> BRIEF: Among the entries below, the lines from the one with "Buy ice creams" up to and including the one with "Too much nitrogen" are to be restated exactly, without pictures.

> DATA FOR ANALYSIS:
◇ ◇ ◇ ◇ ◇

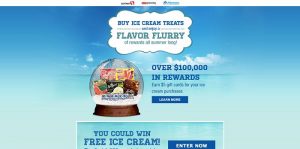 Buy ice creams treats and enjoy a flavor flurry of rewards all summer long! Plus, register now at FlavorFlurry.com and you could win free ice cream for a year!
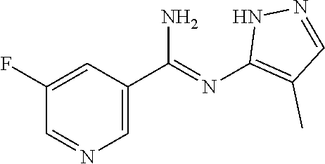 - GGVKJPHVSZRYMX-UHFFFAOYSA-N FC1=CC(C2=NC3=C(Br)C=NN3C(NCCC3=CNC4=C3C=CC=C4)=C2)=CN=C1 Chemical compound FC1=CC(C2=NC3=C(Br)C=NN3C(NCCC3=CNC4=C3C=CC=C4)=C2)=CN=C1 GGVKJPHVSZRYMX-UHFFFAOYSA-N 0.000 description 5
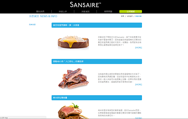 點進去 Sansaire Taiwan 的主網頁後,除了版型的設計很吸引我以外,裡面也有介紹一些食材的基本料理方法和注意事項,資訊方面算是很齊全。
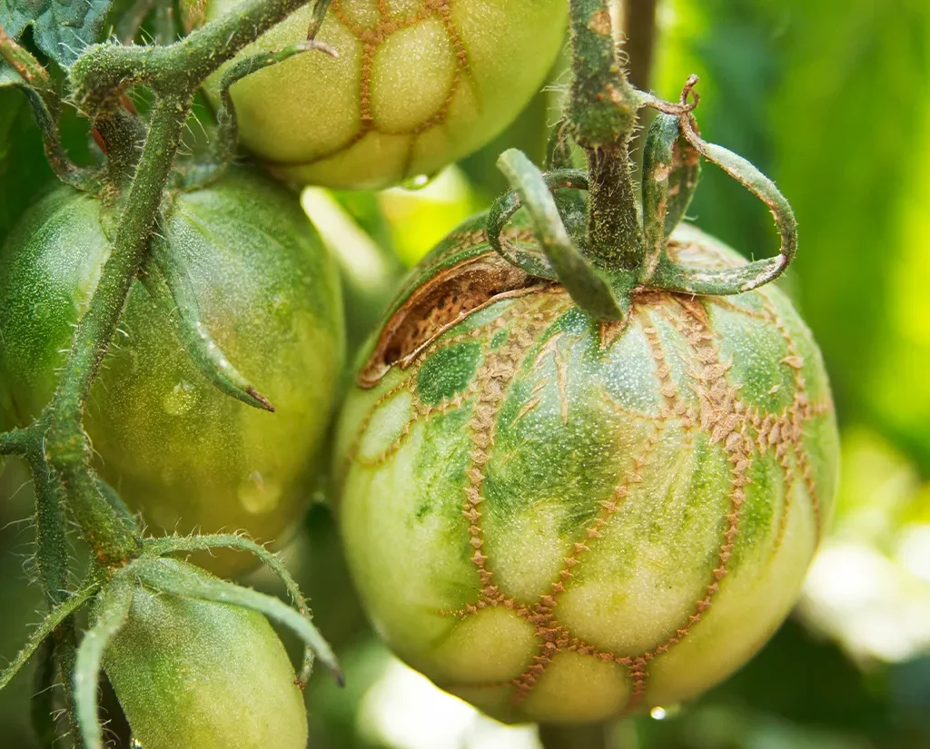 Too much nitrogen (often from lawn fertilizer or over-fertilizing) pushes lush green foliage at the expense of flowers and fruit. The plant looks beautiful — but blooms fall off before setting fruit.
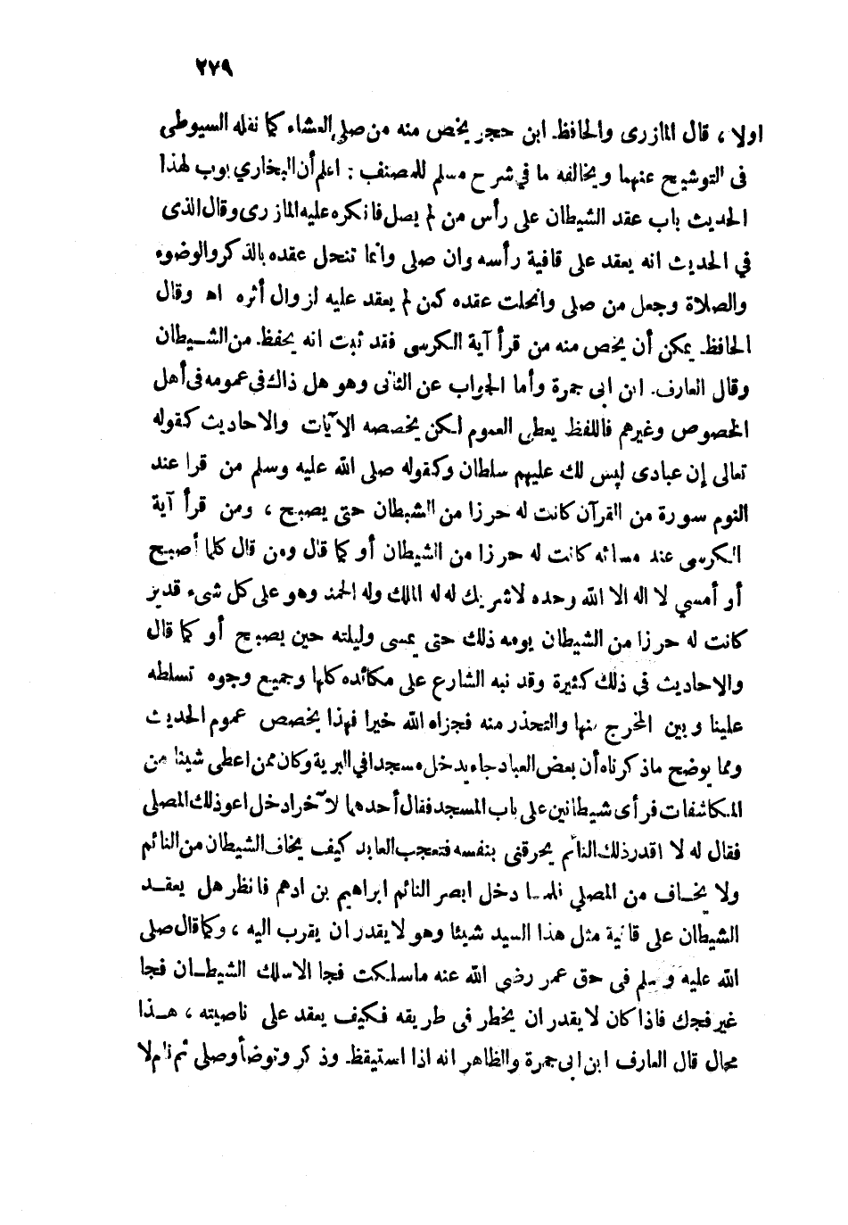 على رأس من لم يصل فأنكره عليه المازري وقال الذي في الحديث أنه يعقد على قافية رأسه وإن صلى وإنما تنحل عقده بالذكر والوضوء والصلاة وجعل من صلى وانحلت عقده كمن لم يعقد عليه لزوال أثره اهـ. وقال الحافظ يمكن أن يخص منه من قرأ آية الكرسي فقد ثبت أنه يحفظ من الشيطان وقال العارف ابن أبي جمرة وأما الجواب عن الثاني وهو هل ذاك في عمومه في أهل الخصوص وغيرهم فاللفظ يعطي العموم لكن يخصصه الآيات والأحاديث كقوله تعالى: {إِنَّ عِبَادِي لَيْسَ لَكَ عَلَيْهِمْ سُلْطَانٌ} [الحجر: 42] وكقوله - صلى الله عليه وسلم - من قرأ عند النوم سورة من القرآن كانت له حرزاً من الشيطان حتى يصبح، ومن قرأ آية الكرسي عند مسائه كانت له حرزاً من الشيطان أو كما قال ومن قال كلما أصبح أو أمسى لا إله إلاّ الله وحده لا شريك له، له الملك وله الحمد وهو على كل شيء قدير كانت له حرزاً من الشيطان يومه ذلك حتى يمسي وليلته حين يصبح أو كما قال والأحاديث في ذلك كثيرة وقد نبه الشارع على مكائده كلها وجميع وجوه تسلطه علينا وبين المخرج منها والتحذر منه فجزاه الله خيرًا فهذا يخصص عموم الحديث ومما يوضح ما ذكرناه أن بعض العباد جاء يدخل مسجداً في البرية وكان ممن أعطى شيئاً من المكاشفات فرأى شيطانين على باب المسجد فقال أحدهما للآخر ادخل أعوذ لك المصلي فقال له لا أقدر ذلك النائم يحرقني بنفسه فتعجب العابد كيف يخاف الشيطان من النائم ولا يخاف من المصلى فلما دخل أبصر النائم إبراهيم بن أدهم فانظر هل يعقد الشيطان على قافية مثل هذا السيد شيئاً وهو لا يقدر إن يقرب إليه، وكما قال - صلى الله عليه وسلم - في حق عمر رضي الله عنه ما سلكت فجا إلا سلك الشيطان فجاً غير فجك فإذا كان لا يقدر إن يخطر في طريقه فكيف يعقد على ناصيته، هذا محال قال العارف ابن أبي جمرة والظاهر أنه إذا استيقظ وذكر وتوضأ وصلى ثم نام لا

◇ ◇ ◇ ◇ ◇

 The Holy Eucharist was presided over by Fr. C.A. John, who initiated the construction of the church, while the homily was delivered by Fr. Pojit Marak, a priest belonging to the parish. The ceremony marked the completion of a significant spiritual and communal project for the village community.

◇ ◇ ◇ ◇ ◇

> RESULT BELOW:
 Buy ice creams treats and enjoy a flavor flurry of rewards all summer long! Plus, register now at FlavorFlurry.com and you could win free ice cream for a year!
 - GGVKJPHVSZRYMX-UHFFFAOYSA-N FC1=CC(C2=NC3=C(Br)C=NN3C(NCCC3=CNC4=C3C=CC=C4)=C2)=CN=C1 Chemical compound FC1=CC(C2=NC3=C(Br)C=NN3C(NCCC3=CNC4=C3C=CC=C4)=C2)=CN=C1 GGVKJPHVSZRYMX-UHFFFAOYSA-N 0.000 description 5
 點進去 Sansaire Taiwan 的主網頁後,除了版型的設計很吸引我以外,裡面也有介紹一些食材的基本料理方法和注意事項,資訊方面算是很齊全。
 Too much nitrogen (often from lawn fertilizer or over-fertilizing) pushes lush green foliage at the expense of flowers and fruit. The plant looks beautiful — but blooms fall off before setting fruit.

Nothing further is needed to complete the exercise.